IKZ-HAUSTECHNIK: Auf Basis des BGB-Entwurfs soll das Anordnungsrecht des Auftraggebers auch für Architekten- und Ingenieurverträge gelten. Was bedeutet dies für die Praxis?
Thomas Herrig: In diesem Fall werden sich Architekten und Ingenieure darauf einstellen müssen, ein gezieltes Nachtragsmanagement zu betreiben. Das bedeutet konkret, dass als Pendant zum Anordnungsrecht des Auftraggebers der Planer den ihm zustehenden zusätzlichen Vergütungsanspruch mit einer entsprechenden Nachtragsvereinbarung mit dem Auftraggeber absichert. Die Neuregelung in § 650 b BGB stellt darauf ab, dass die Vertragsbeteiligten Einvernehmen über die zu leistende Vergütung erzielen. Lässt sich das nicht erreichen, kann der Auftraggeber die geänderte Leistung anordnen, wobei dann dem Planer auf der Grundlage von § 650 c BGB (neue Fassung) ein Anspruch auf Anpassung der Vergütung zusteht.

IKZ-HAUSTECHNIK:
Neben zahlreichen positiven Neuerungen haben einige Änderungen auch für Unmut gesorgt. So sind z. B. die Übernahmen bestimmter Regelungen aus der VOB/B in das BGB nicht ohne Kritik geblieben. Was ist der Hintergrund dafür?

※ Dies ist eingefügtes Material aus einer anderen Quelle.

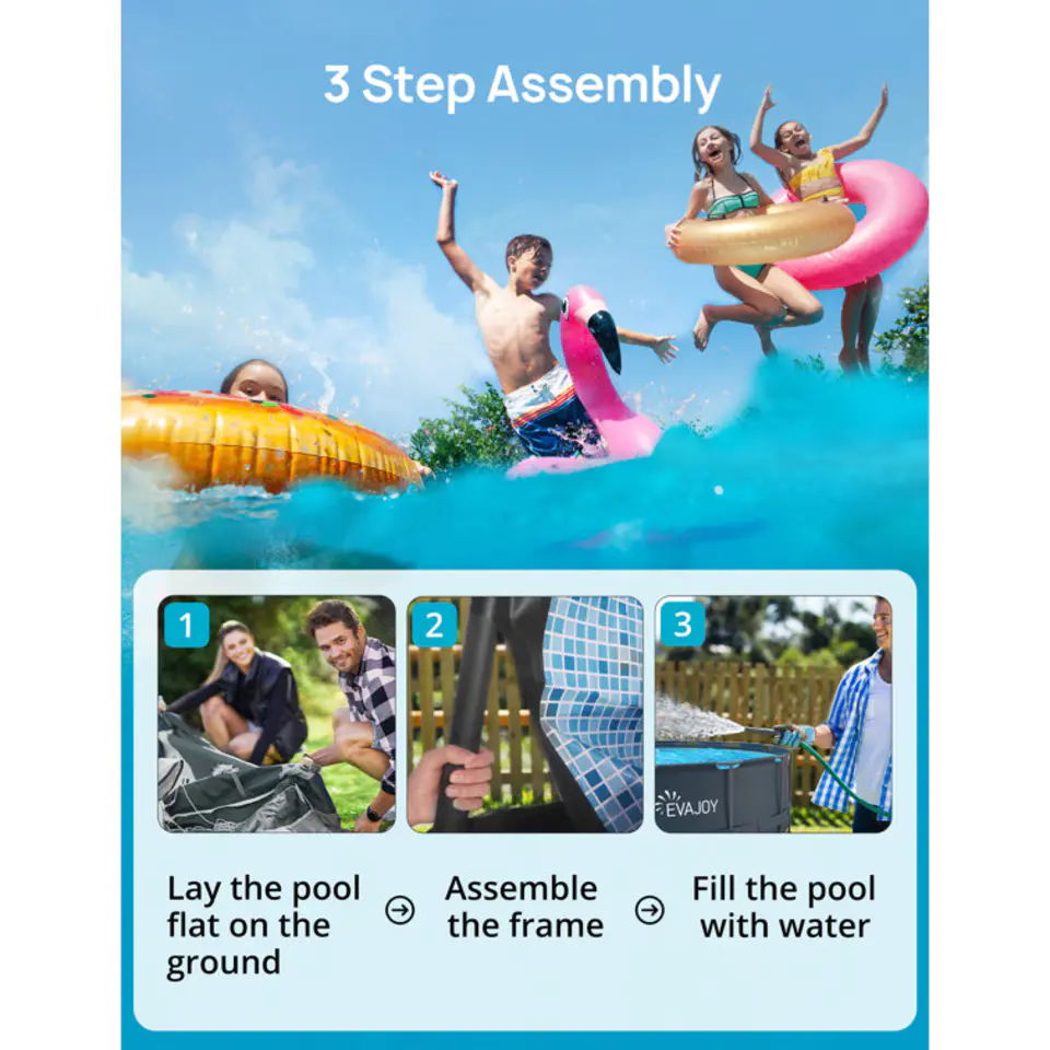 - Easy 3 Step Assembly: Enjoy a splashing good time with your family and friends all summer long in only 3 steps: simply lay the pool on the flat ground, assemble the frame, and fill the pool with water

Thomas Herrig: Viele Baupraktiker vertreten die Auffassung, dass es nicht notwendig ist, hier eine Erweiterung der Regelungen des Werkvertragsrechts im BGB vorzunehmen. Die VOB/B hat sich in der Praxis seit Jahrzehnten bewährt. Es existiert gefestigte Rechtsprechung und die Baubeteiligten sind in der Anwendung der entsprechenden Regelungen sicher geworden.
Bei aller Kritik sollte aber abschließend gewürdigt werden, dass es nach der bisher verstrichenen Zeit ein in jedem Fall lobenswertes Vorhaben darstellt, das Bauvertragsrecht und das Recht der Planer modernen Bedürfnissen anzupassen.